Your thoughts, please.
Thanks

Dunuin · Nov 28, 2020

lumox said:
Hi,
I created a ZFS pool, set one dataset for my VM to run, then I created a new dataset to put in it some data and set for it a quotas too.
So, I restored my VMs in lukepool/vmstorage. So far so good.
Next, I wanted to create a disk for my linux VM machine

SO, first datacenter->add:zfs. I picked my dataset
it created another storage (called disk_mint)
then, in my linux vm setup I added a disk and picked that storage
it worked. I see it in my linux vm's shell now.

Fdisk -l

View attachment 21568

another screen:

View attachment 21569
Hard disk: disk_mint is the disk I add out of my 250GB dataset storage

here are a few issues though.
My dataset (lukepool/share) has 250GB as quotas
I would assign tehe entire size to my new linux vm's HDD
But I could only set much less than that, only 150 GB

my updated zfs list:

Code:

root@pve:~# zfs list NAME USED AVAIL REFER MOUNTPOINT lukepool 277G 621G 128K /lukepool lukepool/share 205G 45.3G 128K /lukepool/share lukepool/share/vm-103-disk-0 205G 250G 74.6K - lukepool/vmstorage 72.4G 621G 128K /lukepool/vmstorage lukepool/vmstorage/vm-101-disk-0 34.6G 621G 34.6G - lukepool/vmstorage/vm-102-disk-0 1.26G 621G 1.26G - lukepool/vmstorage/vm-103-disk-0 36.5G 621G 36.5G -

Not sure what this line lukepool/share 205G 45.3G 128K /lukepool/share means exactly.

Your thoughts, please.
Thanks

ZFS is using 205GB to store your 150GB virtual Disk. You always loose some space because of additional metadata, parity or padding.
How did you setup your pool? Is it raidz1/2/3? Before creating a virtual drive you should calculate the best volblocksize and set that value for your pool. The default volblocksize is 8k and it isn't uncommon that everything uses something link 50% more space because of bad padding.

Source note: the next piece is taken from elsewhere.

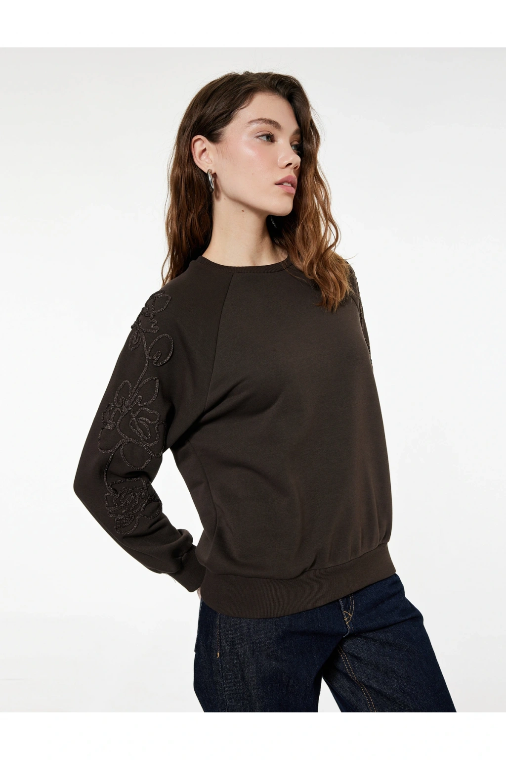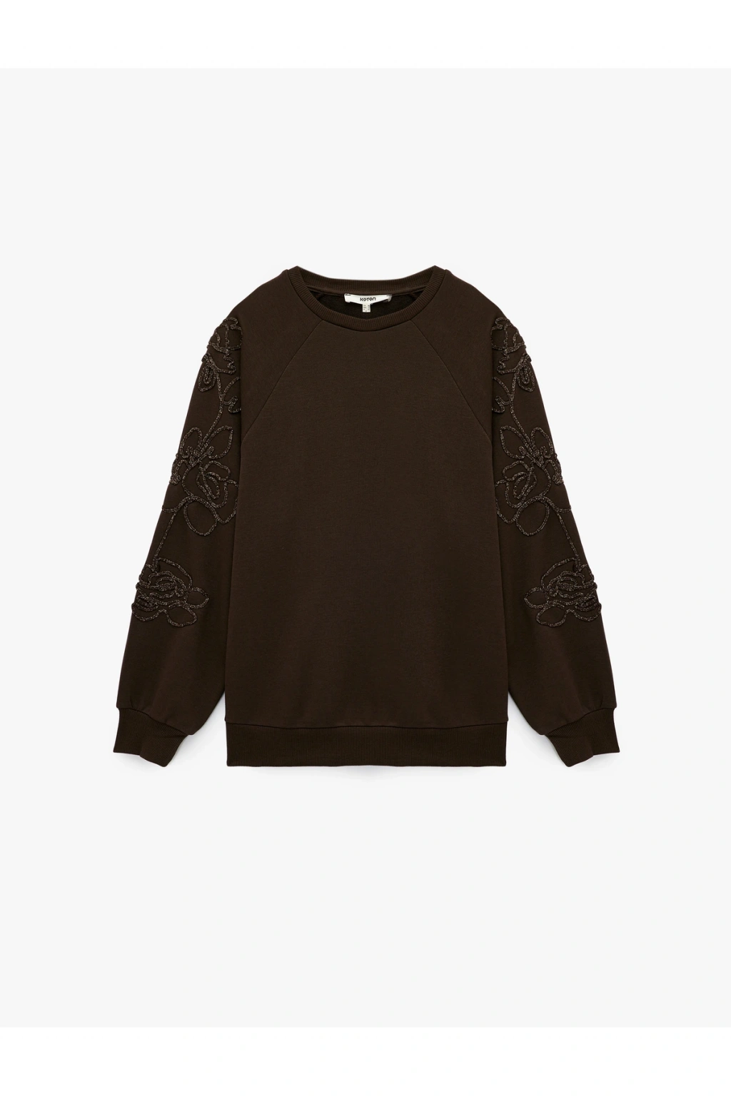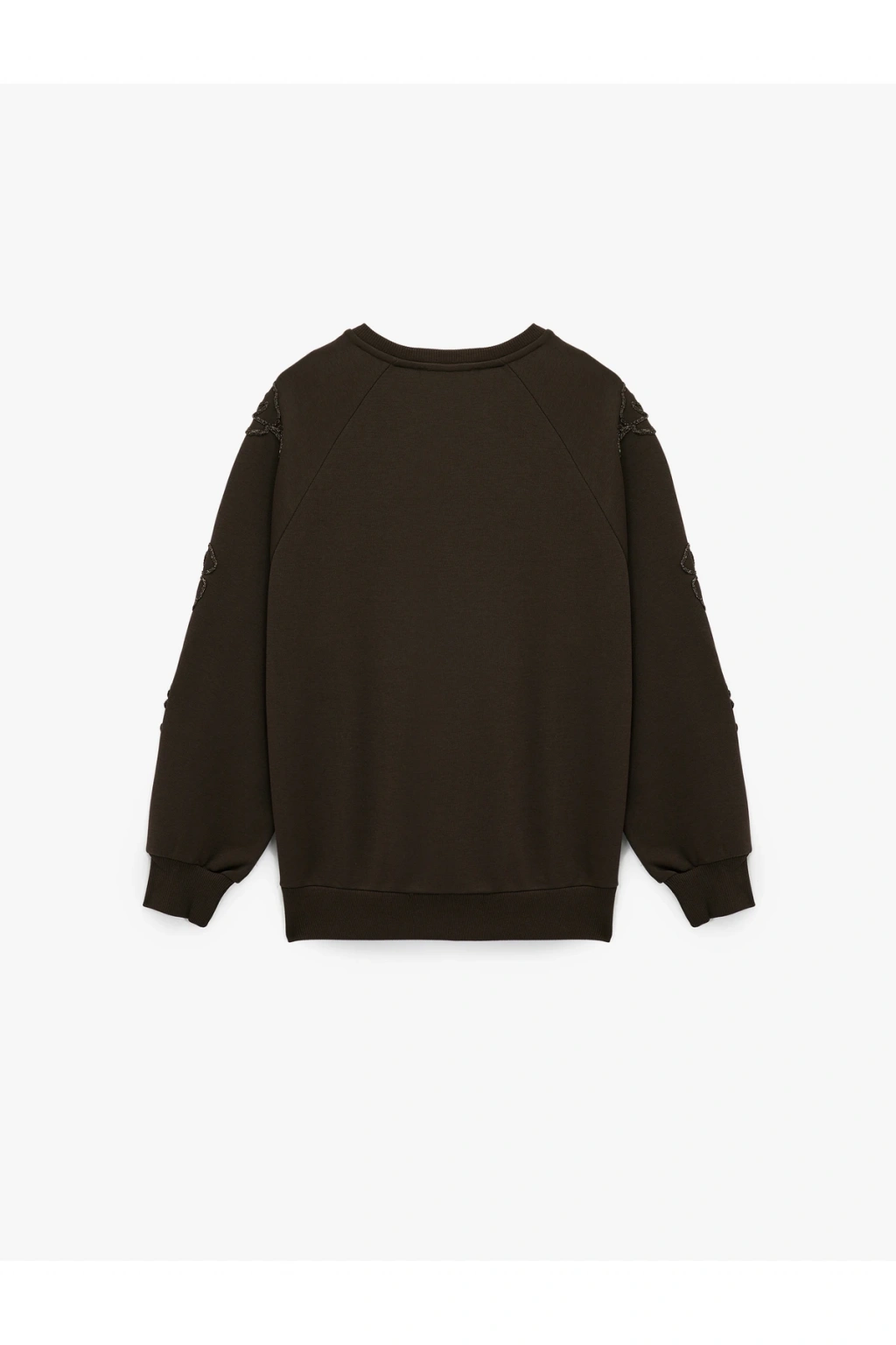 Uzun Kollu Bisiklet Yaka Çiçekli Boncuk Nakış Detaylı Oversize Sweatshirt

Look here for the volblocksize and overhead.

lumox · Nov 29, 2020

Dunuin said:
ZFS is using 205GB to store your 150GB virtual Disk. You always loose some space because of additional metadata, parity or padding.
How did you setup your pool? Is it raidz1/2/3? Before creating a virtual drive you should calculate the best volblocksize and set that value for your pool. The default volblocksize is 8k and it isn't uncommon that everything uses something link 50% more space because of bad padding.

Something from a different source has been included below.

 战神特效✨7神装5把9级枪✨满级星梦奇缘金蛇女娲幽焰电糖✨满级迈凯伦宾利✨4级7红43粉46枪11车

Look here for the volblocksize and overhead.

Thank you for the file.

My pool is raidz1 with 3 500GB-size disks. So, I need to know the best volblocksize before creating a virtual drive, because otherwise I'd risk to waste space. Correct? Could you help me figure out the best disk size setup to get the most out of my 250GB dataset (lukepool/share) which I created a Virtual disk from?
More importantly, is it worth creating and assigning a virtual disk to my linux machine this way, or I'd better to simply add a new disk in the hardware setup, set a size for it and put it in my zfs pool (lukepool) directly without any fuss?
Anyway, my goal was to have a disk separated from my linux VM in order, in case, to assign it to another machine or reassign to it if I need to format. Also, I thought I can save/backup it manually via FTP.

Dunuin · Nov 29, 2020

lumox said:
Thank you for the file.

My pool is raidz1 with 3 500GB-size disks. So, I need to know the best volblocksize before creating a virtual drive, because otherwise I'd risk to waste space. Correct? Could you help me figure out the best disk size setup to get the most out of my 250GB dataset (lukepool/share) which I created a Virtual disk from?
More importantly, is it worth creating and assigning a virtual disk to my linux machine this way, or I'd better to simply add a new disk in the hardware setup, set a size for it and put it in my zfs pool (lukepool) directly without any fuss?
Anyway, my goal was to have a disk separated from my linux VM in order, in case, to assign it to another machine or reassign to it if I need to format. Also, I thought I can save/backup it manually via FTP.

You can try 16k as volblocksize if you created your pool with ashift of 12. That should only waste 33% and not 50% like now for padding/parity.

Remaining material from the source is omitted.